WHAT IS REQUIRED:
Here is the task for the listing below: output exactly the lines from the one containing "Swim Mod 女士休闲度假沙滩派对优雅纯棕色粗肩带复古乡村风比基尼沙滩三件套,夏季" through the one containing "Equipped with anti-slip", and leave out the pictures.

DATASET EXCERPTS:
┏━━

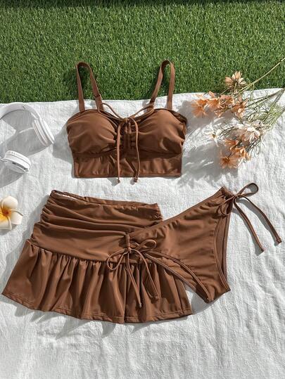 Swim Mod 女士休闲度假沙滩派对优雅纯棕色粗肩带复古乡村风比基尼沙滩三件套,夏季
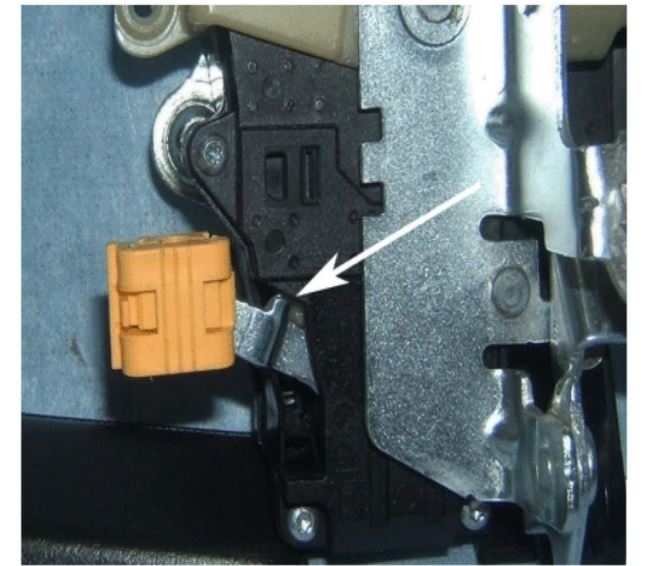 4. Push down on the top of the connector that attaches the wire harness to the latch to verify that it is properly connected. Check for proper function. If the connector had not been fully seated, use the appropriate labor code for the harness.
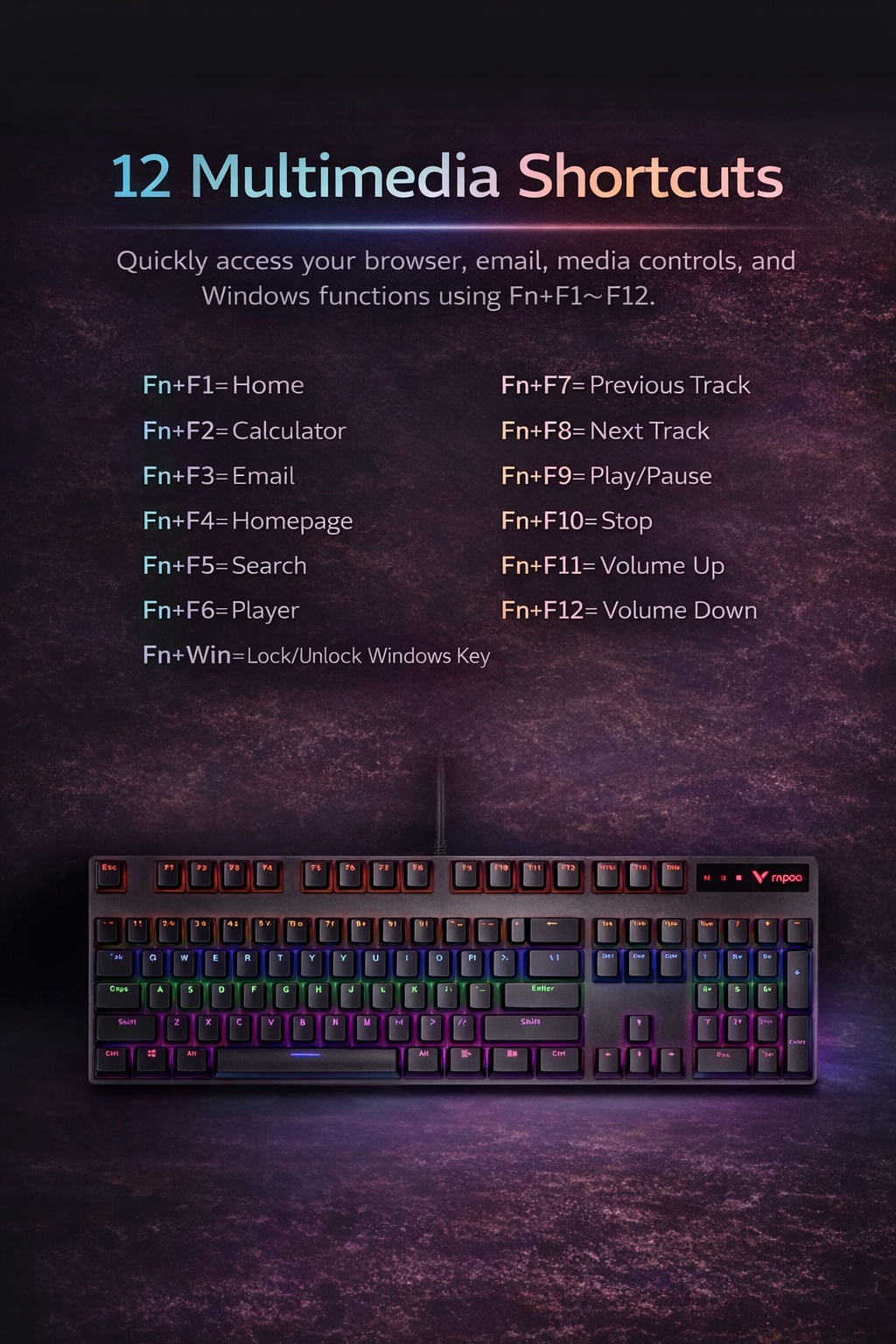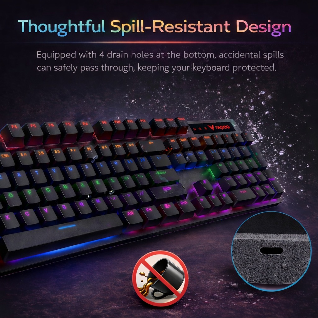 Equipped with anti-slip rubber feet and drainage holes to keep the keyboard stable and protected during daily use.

┗━━
┏━━

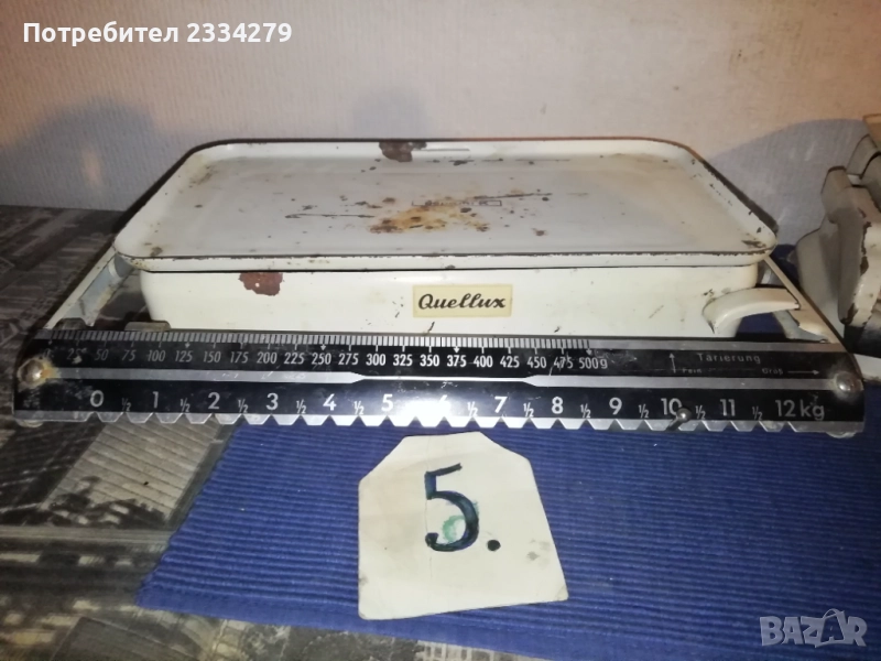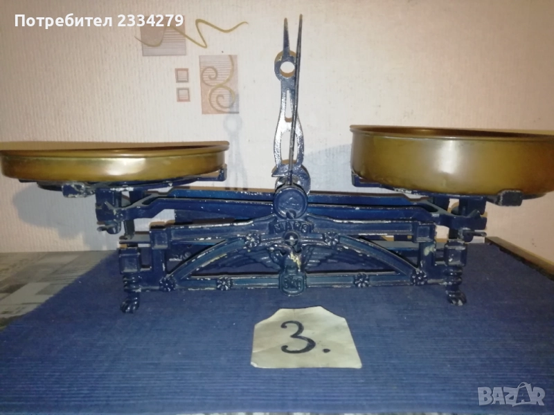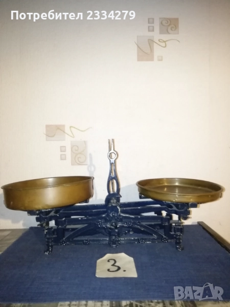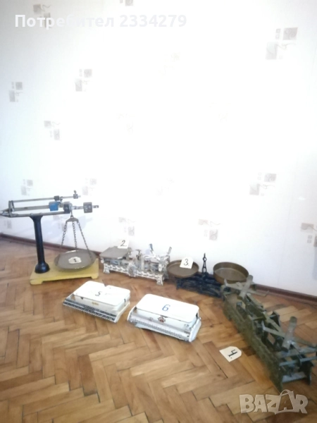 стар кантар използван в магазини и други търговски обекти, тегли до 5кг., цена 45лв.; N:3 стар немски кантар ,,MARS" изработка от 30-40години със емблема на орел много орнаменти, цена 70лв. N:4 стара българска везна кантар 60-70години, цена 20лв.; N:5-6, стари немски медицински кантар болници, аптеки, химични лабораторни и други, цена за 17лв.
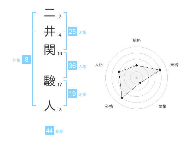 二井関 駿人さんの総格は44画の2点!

┗━━

RESPONSE TO THE TASK:
 Swim Mod 女士休闲度假沙滩派对优雅纯棕色粗肩带复古乡村风比基尼沙滩三件套,夏季
 4. Push down on the top of the connector that attaches the wire harness to the latch to verify that it is properly connected. Check for proper function. If the connector had not been fully seated, use the appropriate labor code for the harness.
 Equipped with anti-slip rubber feet and drainage holes to keep the keyboard stable and protected during daily use.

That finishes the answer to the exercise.